• [Exercise instructions]:
Only one stretch of the data below is wanted: the lines starting at the one with "Sunlit tea garden" and ending at the one with "Kanden er fra", both included, given again exactly.

• [Exercise data]:

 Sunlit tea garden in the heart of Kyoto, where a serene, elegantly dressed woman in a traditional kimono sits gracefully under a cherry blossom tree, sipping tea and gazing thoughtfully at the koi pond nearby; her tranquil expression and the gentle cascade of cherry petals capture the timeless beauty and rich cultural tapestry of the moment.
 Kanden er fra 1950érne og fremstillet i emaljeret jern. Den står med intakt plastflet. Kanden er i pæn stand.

...

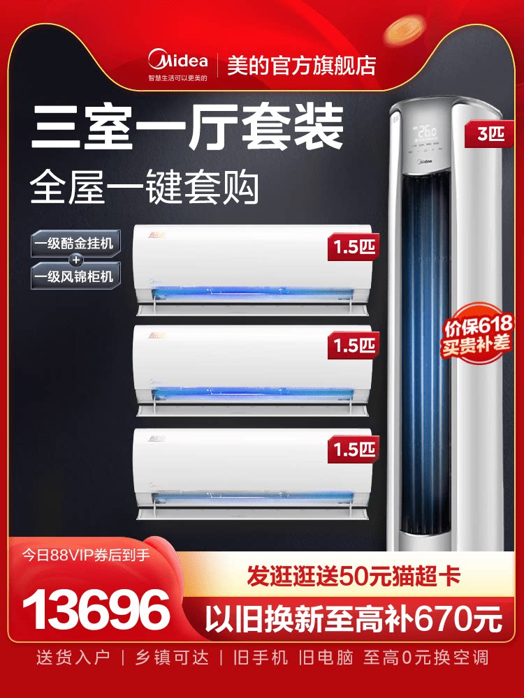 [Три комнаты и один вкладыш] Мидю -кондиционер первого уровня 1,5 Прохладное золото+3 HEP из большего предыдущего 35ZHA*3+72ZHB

• [Exercise response]:
 Sunlit tea garden in the heart of Kyoto, where a serene, elegantly dressed woman in a traditional kimono sits gracefully under a cherry blossom tree, sipping tea and gazing thoughtfully at the koi pond nearby; her tranquil expression and the gentle cascade of cherry petals capture the timeless beauty and rich cultural tapestry of the moment.
 Kanden er fra 1950érne og fremstillet i emaljeret jern. Den står med intakt plastflet. Kanden er i pæn stand.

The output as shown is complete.